§ **Source data**
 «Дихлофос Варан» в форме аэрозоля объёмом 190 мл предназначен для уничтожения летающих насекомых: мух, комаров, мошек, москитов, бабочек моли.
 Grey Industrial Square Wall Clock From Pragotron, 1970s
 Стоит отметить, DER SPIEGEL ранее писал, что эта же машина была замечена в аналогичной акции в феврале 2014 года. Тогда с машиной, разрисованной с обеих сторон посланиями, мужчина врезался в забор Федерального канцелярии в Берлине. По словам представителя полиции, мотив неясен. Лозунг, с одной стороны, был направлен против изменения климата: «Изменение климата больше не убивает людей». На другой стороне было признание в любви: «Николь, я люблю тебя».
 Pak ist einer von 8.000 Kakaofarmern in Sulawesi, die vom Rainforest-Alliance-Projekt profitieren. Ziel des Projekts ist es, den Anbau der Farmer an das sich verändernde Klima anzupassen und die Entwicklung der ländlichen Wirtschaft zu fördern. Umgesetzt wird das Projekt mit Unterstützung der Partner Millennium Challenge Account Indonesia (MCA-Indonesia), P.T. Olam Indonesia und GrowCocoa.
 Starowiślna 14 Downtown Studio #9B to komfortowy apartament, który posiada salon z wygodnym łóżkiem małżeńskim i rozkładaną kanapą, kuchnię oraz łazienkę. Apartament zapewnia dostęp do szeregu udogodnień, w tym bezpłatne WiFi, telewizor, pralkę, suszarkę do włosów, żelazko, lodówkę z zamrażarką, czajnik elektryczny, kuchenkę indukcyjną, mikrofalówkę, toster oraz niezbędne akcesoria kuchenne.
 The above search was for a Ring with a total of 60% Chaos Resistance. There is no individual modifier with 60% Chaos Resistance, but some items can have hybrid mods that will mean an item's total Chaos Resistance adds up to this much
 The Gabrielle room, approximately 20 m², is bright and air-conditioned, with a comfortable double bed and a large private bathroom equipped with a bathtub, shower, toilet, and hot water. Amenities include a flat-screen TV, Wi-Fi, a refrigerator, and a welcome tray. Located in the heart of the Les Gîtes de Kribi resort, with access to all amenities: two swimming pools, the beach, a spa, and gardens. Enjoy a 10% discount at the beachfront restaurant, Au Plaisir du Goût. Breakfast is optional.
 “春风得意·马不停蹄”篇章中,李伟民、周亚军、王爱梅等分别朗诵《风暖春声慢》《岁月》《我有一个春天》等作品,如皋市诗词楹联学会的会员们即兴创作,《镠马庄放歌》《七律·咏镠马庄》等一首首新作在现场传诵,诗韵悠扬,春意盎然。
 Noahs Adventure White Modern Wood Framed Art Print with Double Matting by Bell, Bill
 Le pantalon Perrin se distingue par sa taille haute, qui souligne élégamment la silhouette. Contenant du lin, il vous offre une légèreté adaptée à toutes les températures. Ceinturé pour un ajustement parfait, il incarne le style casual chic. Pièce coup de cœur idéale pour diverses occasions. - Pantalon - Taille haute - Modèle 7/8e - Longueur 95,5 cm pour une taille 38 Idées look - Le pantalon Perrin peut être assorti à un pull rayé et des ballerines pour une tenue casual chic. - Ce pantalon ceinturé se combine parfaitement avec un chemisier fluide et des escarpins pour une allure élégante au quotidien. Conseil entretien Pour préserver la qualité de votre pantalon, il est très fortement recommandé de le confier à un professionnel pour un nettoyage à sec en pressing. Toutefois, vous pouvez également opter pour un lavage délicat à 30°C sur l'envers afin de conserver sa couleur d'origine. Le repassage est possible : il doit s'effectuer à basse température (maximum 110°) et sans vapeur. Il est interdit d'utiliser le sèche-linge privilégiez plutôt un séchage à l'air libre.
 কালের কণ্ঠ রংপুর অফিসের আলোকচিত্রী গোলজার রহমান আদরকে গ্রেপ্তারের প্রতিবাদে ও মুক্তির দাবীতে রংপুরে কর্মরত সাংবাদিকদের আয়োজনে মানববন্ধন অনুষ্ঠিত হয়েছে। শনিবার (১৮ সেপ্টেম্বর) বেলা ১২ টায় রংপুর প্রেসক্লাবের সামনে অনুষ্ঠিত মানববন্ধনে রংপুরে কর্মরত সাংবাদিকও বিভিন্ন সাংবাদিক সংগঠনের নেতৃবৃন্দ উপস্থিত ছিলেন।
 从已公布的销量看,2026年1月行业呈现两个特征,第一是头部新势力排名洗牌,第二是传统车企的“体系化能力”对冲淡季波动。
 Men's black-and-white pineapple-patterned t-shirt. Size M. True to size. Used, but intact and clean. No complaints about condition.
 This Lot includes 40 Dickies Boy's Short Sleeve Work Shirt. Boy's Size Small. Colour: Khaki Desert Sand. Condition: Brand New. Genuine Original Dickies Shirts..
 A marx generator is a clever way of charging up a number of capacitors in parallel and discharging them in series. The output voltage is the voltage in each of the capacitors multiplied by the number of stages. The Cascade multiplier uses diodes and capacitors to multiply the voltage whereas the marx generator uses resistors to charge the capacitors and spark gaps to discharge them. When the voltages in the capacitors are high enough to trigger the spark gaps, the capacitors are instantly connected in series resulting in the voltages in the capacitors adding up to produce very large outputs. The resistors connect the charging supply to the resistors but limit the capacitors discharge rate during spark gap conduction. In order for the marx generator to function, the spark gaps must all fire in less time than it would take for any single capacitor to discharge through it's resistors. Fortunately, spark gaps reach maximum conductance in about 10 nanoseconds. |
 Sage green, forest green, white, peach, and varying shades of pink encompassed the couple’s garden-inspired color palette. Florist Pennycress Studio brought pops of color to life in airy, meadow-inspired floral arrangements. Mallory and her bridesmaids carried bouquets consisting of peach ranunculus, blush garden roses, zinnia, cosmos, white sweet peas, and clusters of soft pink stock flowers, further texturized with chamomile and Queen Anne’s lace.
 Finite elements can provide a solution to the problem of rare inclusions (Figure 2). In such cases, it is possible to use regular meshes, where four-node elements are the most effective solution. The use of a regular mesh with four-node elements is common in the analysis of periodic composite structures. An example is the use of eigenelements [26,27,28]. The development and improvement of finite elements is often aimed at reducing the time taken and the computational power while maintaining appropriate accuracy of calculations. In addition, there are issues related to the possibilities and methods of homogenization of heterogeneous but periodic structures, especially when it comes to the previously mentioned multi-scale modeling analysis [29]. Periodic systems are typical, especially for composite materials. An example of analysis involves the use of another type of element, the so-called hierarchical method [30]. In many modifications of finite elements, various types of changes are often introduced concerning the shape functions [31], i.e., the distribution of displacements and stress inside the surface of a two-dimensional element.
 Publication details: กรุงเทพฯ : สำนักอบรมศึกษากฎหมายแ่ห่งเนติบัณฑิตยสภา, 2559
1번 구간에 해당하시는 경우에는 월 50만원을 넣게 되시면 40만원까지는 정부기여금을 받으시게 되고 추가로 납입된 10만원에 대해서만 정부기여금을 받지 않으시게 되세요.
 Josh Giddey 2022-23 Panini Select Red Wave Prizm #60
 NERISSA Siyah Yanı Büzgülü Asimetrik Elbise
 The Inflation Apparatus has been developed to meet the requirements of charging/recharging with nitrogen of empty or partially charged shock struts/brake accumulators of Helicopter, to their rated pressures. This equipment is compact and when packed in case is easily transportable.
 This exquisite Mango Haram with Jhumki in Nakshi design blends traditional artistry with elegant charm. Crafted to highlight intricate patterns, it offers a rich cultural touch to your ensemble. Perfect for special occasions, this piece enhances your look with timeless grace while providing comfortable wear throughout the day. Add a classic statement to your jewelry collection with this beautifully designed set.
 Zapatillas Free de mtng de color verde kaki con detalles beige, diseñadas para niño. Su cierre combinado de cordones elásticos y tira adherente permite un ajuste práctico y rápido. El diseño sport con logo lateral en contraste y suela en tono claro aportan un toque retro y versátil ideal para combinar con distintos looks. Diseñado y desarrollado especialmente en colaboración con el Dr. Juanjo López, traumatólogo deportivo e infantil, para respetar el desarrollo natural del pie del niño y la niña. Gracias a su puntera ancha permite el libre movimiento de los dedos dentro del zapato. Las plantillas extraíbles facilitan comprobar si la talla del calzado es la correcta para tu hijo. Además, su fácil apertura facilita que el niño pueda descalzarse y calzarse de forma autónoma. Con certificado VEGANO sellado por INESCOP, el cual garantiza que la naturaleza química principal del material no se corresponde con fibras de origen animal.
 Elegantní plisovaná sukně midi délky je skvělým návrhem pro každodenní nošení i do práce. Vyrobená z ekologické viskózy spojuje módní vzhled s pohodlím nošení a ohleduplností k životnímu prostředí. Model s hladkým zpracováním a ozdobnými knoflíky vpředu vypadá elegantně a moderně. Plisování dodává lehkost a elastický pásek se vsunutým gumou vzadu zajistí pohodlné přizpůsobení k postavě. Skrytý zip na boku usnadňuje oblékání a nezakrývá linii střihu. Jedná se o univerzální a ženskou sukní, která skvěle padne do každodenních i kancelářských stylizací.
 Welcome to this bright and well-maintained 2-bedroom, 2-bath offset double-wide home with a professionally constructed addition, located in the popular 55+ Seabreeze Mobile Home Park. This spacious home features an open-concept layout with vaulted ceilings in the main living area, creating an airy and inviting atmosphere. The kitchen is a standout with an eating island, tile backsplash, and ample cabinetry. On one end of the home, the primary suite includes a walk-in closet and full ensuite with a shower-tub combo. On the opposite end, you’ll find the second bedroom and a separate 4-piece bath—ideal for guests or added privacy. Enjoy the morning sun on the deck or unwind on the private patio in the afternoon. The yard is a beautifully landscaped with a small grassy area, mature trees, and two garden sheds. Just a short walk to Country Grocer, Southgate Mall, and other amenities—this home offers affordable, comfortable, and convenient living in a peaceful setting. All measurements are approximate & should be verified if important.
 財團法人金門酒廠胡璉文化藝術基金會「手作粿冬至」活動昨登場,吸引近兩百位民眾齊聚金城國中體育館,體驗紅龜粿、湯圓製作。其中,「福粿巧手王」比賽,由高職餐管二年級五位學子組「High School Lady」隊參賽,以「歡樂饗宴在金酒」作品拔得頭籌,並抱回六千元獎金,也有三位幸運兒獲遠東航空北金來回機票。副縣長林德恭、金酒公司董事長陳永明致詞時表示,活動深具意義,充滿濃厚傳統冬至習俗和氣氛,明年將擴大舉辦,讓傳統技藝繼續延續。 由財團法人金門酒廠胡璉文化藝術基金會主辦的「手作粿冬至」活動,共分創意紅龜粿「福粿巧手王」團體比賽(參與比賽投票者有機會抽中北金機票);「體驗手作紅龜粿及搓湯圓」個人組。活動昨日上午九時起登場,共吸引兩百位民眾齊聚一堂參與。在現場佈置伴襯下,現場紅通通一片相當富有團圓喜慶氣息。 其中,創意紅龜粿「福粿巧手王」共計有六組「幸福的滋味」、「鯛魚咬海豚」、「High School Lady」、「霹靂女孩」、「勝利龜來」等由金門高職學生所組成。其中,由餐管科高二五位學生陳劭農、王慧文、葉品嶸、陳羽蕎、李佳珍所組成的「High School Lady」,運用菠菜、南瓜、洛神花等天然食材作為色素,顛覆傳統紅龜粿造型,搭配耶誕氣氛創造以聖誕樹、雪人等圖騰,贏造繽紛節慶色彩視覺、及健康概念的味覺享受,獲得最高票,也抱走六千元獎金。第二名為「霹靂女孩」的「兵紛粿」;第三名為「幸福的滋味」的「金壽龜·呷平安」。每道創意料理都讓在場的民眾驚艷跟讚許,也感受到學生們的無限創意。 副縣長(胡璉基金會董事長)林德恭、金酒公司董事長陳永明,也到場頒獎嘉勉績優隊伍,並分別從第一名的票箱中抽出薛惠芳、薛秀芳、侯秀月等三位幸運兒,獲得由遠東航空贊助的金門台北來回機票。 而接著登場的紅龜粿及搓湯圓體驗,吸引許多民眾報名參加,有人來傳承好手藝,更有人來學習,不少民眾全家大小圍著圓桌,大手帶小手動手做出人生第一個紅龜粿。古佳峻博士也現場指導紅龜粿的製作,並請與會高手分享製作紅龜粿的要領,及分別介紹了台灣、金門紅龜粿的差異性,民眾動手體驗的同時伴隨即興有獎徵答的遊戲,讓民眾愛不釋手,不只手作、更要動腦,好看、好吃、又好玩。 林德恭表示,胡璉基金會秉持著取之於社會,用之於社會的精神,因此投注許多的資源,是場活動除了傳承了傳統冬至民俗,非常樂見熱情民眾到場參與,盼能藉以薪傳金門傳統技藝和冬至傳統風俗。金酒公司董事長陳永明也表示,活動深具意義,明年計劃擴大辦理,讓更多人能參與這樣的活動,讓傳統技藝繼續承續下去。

§ **Directions**
Check each line above for the string "Studio" and copy those that have it.

§ **Answer to this exercise**
 Starowiślna 14 Downtown Studio #9B to komfortowy apartament, który posiada salon z wygodnym łóżkiem małżeńskim i rozkładaną kanapą, kuchnię oraz łazienkę. Apartament zapewnia dostęp do szeregu udogodnień, w tym bezpłatne WiFi, telewizor, pralkę, suszarkę do włosów, żelazko, lodówkę z zamrażarką, czajnik elektryczny, kuchenkę indukcyjną, mikrofalówkę, toster oraz niezbędne akcesoria kuchenne.
 Sage green, forest green, white, peach, and varying shades of pink encompassed the couple’s garden-inspired color palette. Florist Pennycress Studio brought pops of color to life in airy, meadow-inspired floral arrangements. Mallory and her bridesmaids carried bouquets consisting of peach ranunculus, blush garden roses, zinnia, cosmos, white sweet peas, and clusters of soft pink stock flowers, further texturized with chamomile and Queen Anne’s lace.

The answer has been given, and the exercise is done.